*** PROVIDED MATERIAL Section Begins ***
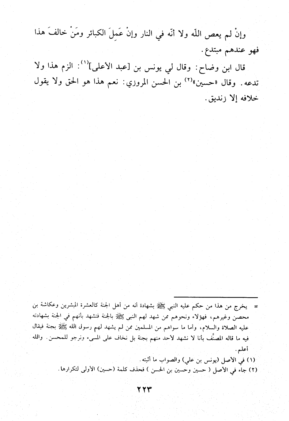 قَالَ اِبْنُ وَضَّاحٍ: وَقَالَ لِي يُونُسُ بْنُ عَبْد الْأَعْلَى: اِلْزَمْ هَذَا وَلَا تَدَعْهُ. وَقَالَ حُسَيْنُ بْنُ اَلْحَسَنِ الْمَرْوَزِيُّ: نَعَمْ، هَذَا هُوَ اَلْحَقُّ وَلَا يَقُولُ خِلَافَهُ إِلَّا زِنْدِيقٌ.
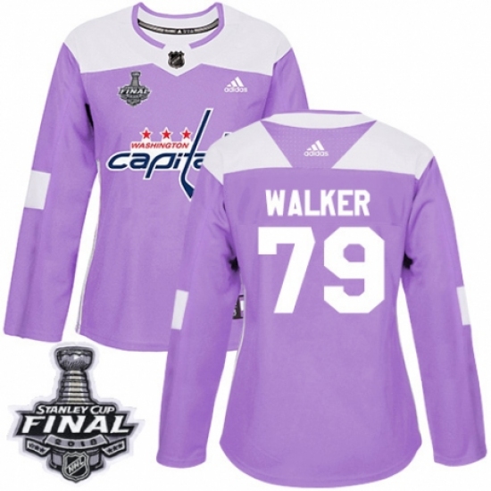 >Women's Adidas Washington Capitals #79 Nathan Walker Authentic Purple Fights Cancer Practice 2018 Stanley Cup Final NHL Jersey
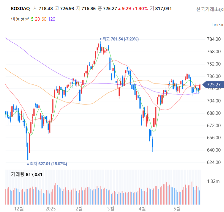코스닥 지수역시 양매수가 나오면서 크게 상승마감. 코스닥 지수는 1.3% 상승한 725.27로 마감.
*** PROVIDED MATERIAL Section Ends ***
Word for word, restate each line above, minus its pictures.

_SOLUTION TO THE PROBLEM_.
 قَالَ اِبْنُ وَضَّاحٍ: وَقَالَ لِي يُونُسُ بْنُ عَبْد الْأَعْلَى: اِلْزَمْ هَذَا وَلَا تَدَعْهُ. وَقَالَ حُسَيْنُ بْنُ اَلْحَسَنِ الْمَرْوَزِيُّ: نَعَمْ، هَذَا هُوَ اَلْحَقُّ وَلَا يَقُولُ خِلَافَهُ إِلَّا زِنْدِيقٌ.
 >Women's Adidas Washington Capitals #79 Nathan Walker Authentic Purple Fights Cancer Practice 2018 Stanley Cup Final NHL Jersey
코스닥 지수역시 양매수가 나오면서 크게 상승마감. 코스닥 지수는 1.3% 상승한 725.27로 마감.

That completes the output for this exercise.